Schneider's suggested alternatives to IRBs are bizarre. He takes it as a given that research is "generally structured to minimize risk" without considering that this may be because of IRBs, not in spite of them. For him, research funders can act as ethical gatekeepers (he doesn't consider any possible conflicts of interest), and if something does go wrong, "injured subjects may sue researchers for damages" or avail themselves of criminal sanctions—which is hardly protection, and comes much too late anyway.
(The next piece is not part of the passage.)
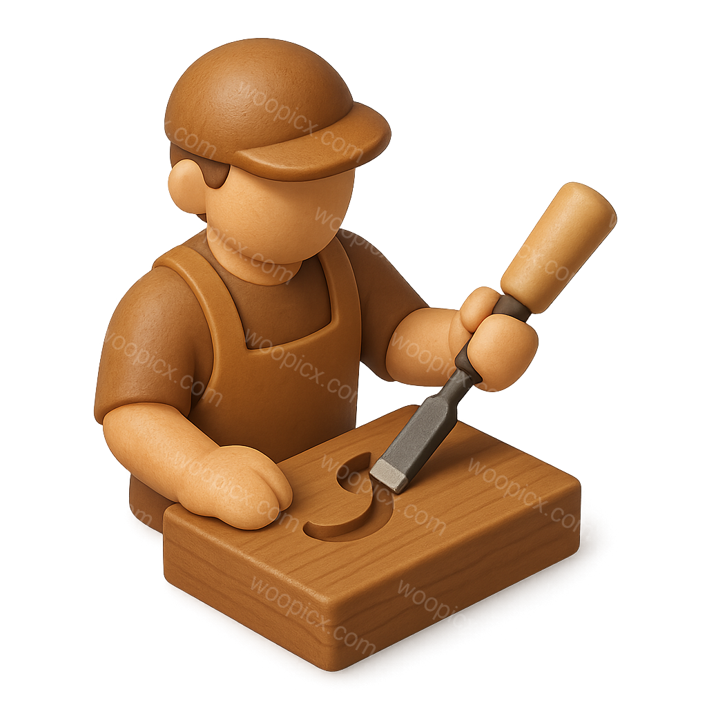 A stylized 3D icon depicting a woodcarver using a chisel on a wooden block. The figure features a simplistic design with a three-quarter view, enhancing its volumetric appearance.

Schneider does himself no favors in his presentation of an already weak case. His targets are personified as "regulationists," a spooky band that seems to be composed of meddling do-gooders of whom all right-thinking people naturally disapprove. But in this, he has done nothing more than to construct an Aunt Sally, and a direct result of the prioritization of complaint over balanced argument is that the book is, sadly, often almost unreadably boring. Points are labored rather than developed, and much of the book is a parade of quotations. There are 1,084 references within this fairly short work, and the effect is dizzying rather than illuminating. Worse, many quotations are poorly or inaccurately referenced, if they're referenced at all. One passage talks about research on adolescent sexuality and on drugs for childhood asthma, with quotations about both, though no reference is provided for the former. This is confusing. Elsewhere, a comment about the role of IRBs in the gene-therapy trial that killed Jesse Gelsinger is supported by a quotation attributed to the Oxford bioethicist Julian Savulescu that is actually from a 2004 paper by Richard Saver, who gets no credit. (The quotation, incidentally, seems to say the opposite of what Schneider thinks it does.) This is a very poor show.

The Censor's Hand is likely to appeal to true believers in the abolitionist cause, but probably will not persuade anyone else. It's not obvious that those whose minds people like Schneider would need to change have the patience to finish his book.